Where I came from

I've never been one to look back at "where I came from" fondly. In fact, I don't like looking back at all. I'm much more prone to cutting ties and moving on for good—no turning back, no second-guessing. But something prompted me to think about my past today, and I realised good things can come from doing this occasionally, even if it's not something you enjoy much.

A few months after I started high school, my best friend lost one of her parents. We were 12 at the time, and had been friends since we started school, just before we turned five. In a lot of ways, her parents became mine when we were kids. I used to spend almost as much time at her house as I did mine, and our parents were well-acquainted.

My dad was writing a lot of music at the time, and he wrote a song about this when it happened. I remember him playing it for me and the two of us crying through it. I listened to that same song again today—an updated version—and found it even more beautiful and just as heart-breaking as I did when I was twelve.

As I listened and cried today, I realised there are many more emotions tied up in that music for me now, than there had been when I first heard it. It's been another twelve years since, and I can now look back on my experience, and that of my friend's, with a more mature understanding. I can see all the moments I've had between then and now that would have sucked had one of my parents missed them, and I imagine the pain of going through those that way, and imagining all the moments to come that your parent will miss, as well.

It also made me think about my relationship with my dad, and how the sound of his music is inexplicably linked to memories of my childhood, and usually makes me cry regardless of the song. It made me think of how much has changed between us since I was twelve, and the dramatic ups-and-downs our relationship has gone through.

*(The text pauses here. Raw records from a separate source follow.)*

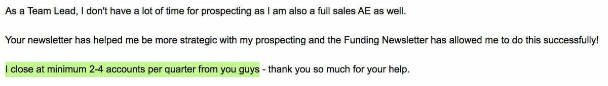 Why? That way, if you perform all of your funding announcement outreach at once, you can simply go through the Weekly Recap and find the most valuable accounts for your outreach.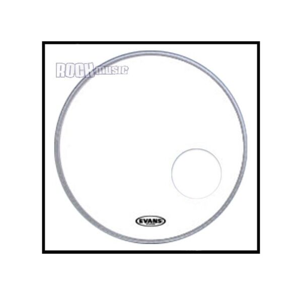 Parche para bateria Evans BD22RSW Transparente. Solapa y agujero de 5″. Parche con agujero de 5″ para micrófono son protección anti rotura.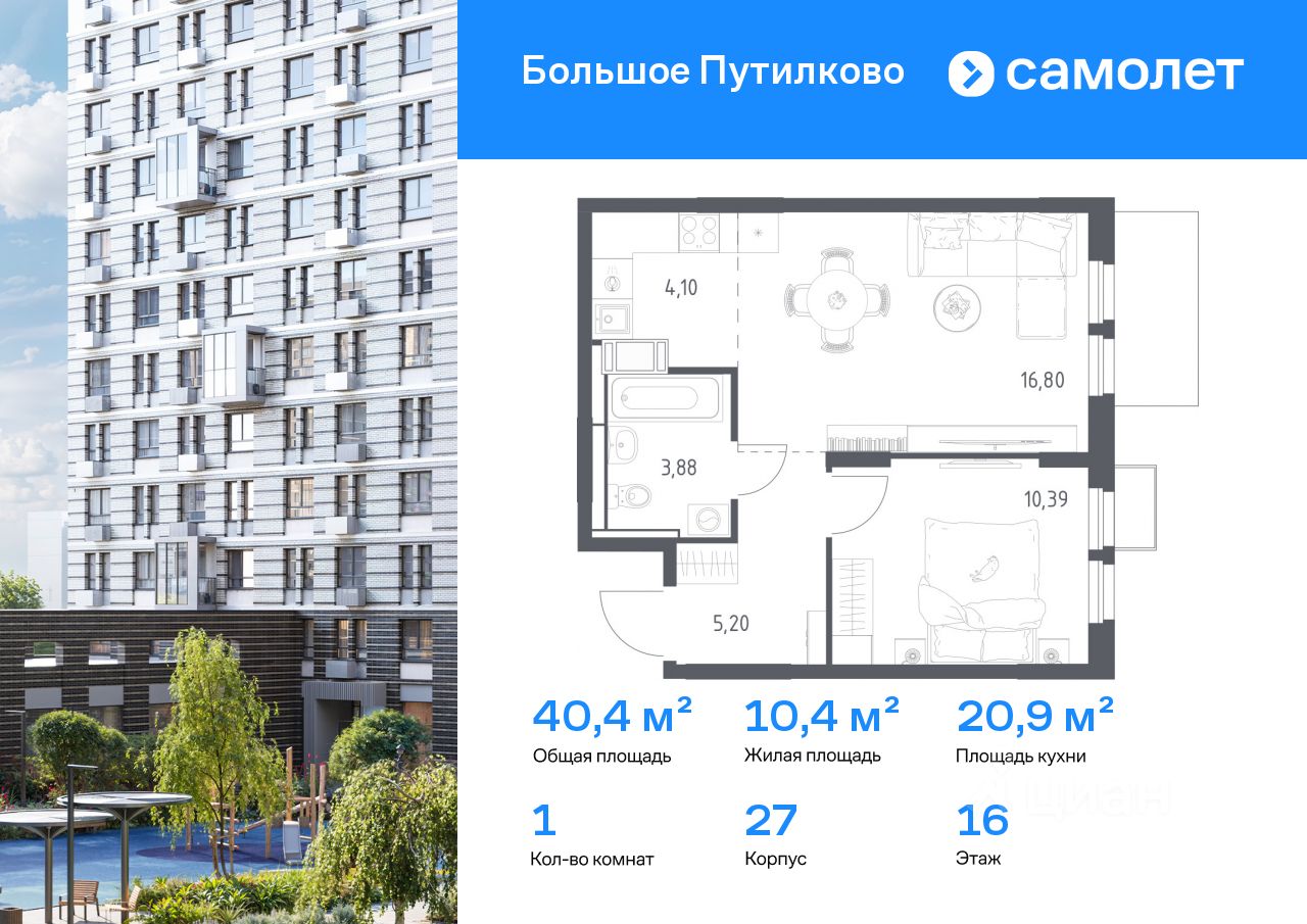 Строим кварталы для жизни с заботой о будущем. Предлагается 1-комнатная квартира комфорт-класса 40,37 кв.м в корпусе 27 на 16 этаже, в ЖК ''Большое Путилково'' Квартира с чистовой отделкой. Доступность дополнительных опций уточняйте у застройщика.

And it reminded me of where I was when I was twelve, and what my life was like. I lived in another state, then. I hadn't been overseas. I didn't have my first job yet. I hadn't met all the people I built strong relationships with during and after high school. At twelve, I couldn't see how important those people would become to me in a few years time. Or how, a few years after that, we'd have nothing in common anymore and would slowly drift apart until we didn't talk anymore at all.

Looking back on my life isn't something I like to do much, and I'm generally skeptical of the benefits. I tend to think I'm a better person as each year passes, and avoid examining who I was last year, if I can. But I was surprised to realise how doing so today reminded me of the incredible magnitude of life, and how small a part of it we all are. We say life is short, and it is, but it can also feel really, really long. From twelve to twenty-five, I feel like I've lived a whole lifetime.

I think I'd do well to remember that when I worry about not having achieved enough "by now"—whatever age "now" is.